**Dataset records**
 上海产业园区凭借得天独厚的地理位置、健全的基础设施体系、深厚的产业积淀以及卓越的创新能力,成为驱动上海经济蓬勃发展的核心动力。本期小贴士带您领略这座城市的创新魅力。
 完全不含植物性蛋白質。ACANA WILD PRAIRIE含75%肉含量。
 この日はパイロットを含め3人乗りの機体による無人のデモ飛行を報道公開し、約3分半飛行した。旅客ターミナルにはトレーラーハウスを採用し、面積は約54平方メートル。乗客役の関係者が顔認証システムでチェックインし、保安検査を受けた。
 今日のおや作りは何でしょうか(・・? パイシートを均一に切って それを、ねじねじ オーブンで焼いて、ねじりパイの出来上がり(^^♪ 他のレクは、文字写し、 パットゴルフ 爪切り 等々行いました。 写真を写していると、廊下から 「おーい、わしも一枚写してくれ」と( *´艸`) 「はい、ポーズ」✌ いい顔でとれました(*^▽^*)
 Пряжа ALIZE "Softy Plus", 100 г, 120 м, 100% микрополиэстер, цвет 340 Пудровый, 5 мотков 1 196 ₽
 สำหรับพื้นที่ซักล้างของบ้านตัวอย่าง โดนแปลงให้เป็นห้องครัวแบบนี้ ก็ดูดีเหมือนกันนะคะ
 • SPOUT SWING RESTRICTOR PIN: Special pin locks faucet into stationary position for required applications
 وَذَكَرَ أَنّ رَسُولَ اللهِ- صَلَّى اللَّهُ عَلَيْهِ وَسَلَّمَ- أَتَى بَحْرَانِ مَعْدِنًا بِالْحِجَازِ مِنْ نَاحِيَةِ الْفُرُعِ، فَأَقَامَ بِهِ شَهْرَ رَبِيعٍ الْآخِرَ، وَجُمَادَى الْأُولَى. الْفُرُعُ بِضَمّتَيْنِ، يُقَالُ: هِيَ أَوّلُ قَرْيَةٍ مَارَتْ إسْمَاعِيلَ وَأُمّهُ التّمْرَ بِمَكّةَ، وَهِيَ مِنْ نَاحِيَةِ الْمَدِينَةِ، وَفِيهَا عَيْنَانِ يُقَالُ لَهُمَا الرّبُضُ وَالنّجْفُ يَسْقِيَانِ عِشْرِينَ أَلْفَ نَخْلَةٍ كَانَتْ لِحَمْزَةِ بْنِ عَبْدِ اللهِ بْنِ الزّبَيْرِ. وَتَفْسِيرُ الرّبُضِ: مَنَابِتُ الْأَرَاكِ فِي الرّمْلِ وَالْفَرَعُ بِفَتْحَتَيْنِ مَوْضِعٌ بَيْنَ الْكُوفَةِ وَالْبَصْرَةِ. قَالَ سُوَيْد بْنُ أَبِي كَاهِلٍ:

**What this task involves**
Your reply must repeat the records above exactly and in full.

**Solved problem**
 上海产业园区凭借得天独厚的地理位置、健全的基础设施体系、深厚的产业积淀以及卓越的创新能力,成为驱动上海经济蓬勃发展的核心动力。本期小贴士带您领略这座城市的创新魅力。
 完全不含植物性蛋白質。ACANA WILD PRAIRIE含75%肉含量。
 この日はパイロットを含め3人乗りの機体による無人のデモ飛行を報道公開し、約3分半飛行した。旅客ターミナルにはトレーラーハウスを採用し、面積は約54平方メートル。乗客役の関係者が顔認証システムでチェックインし、保安検査を受けた。
 今日のおや作りは何でしょうか(・・? パイシートを均一に切って それを、ねじねじ オーブンで焼いて、ねじりパイの出来上がり(^^♪ 他のレクは、文字写し、 パットゴルフ 爪切り 等々行いました。 写真を写していると、廊下から 「おーい、わしも一枚写してくれ」と( *´艸`) 「はい、ポーズ」✌ いい顔でとれました(*^▽^*)
 Пряжа ALIZE "Softy Plus", 100 г, 120 м, 100% микрополиэстер, цвет 340 Пудровый, 5 мотков 1 196 ₽
 สำหรับพื้นที่ซักล้างของบ้านตัวอย่าง โดนแปลงให้เป็นห้องครัวแบบนี้ ก็ดูดีเหมือนกันนะคะ
 • SPOUT SWING RESTRICTOR PIN: Special pin locks faucet into stationary position for required applications
 وَذَكَرَ أَنّ رَسُولَ اللهِ- صَلَّى اللَّهُ عَلَيْهِ وَسَلَّمَ- أَتَى بَحْرَانِ مَعْدِنًا بِالْحِجَازِ مِنْ نَاحِيَةِ الْفُرُعِ، فَأَقَامَ بِهِ شَهْرَ رَبِيعٍ الْآخِرَ، وَجُمَادَى الْأُولَى. الْفُرُعُ بِضَمّتَيْنِ، يُقَالُ: هِيَ أَوّلُ قَرْيَةٍ مَارَتْ إسْمَاعِيلَ وَأُمّهُ التّمْرَ بِمَكّةَ، وَهِيَ مِنْ نَاحِيَةِ الْمَدِينَةِ، وَفِيهَا عَيْنَانِ يُقَالُ لَهُمَا الرّبُضُ وَالنّجْفُ يَسْقِيَانِ عِشْرِينَ أَلْفَ نَخْلَةٍ كَانَتْ لِحَمْزَةِ بْنِ عَبْدِ اللهِ بْنِ الزّبَيْرِ. وَتَفْسِيرُ الرّبُضِ: مَنَابِتُ الْأَرَاكِ فِي الرّمْلِ وَالْفَرَعُ بِفَتْحَتَيْنِ مَوْضِعٌ بَيْنَ الْكُوفَةِ وَالْبَصْرَةِ. قَالَ سُوَيْد بْنُ أَبِي كَاهِلٍ:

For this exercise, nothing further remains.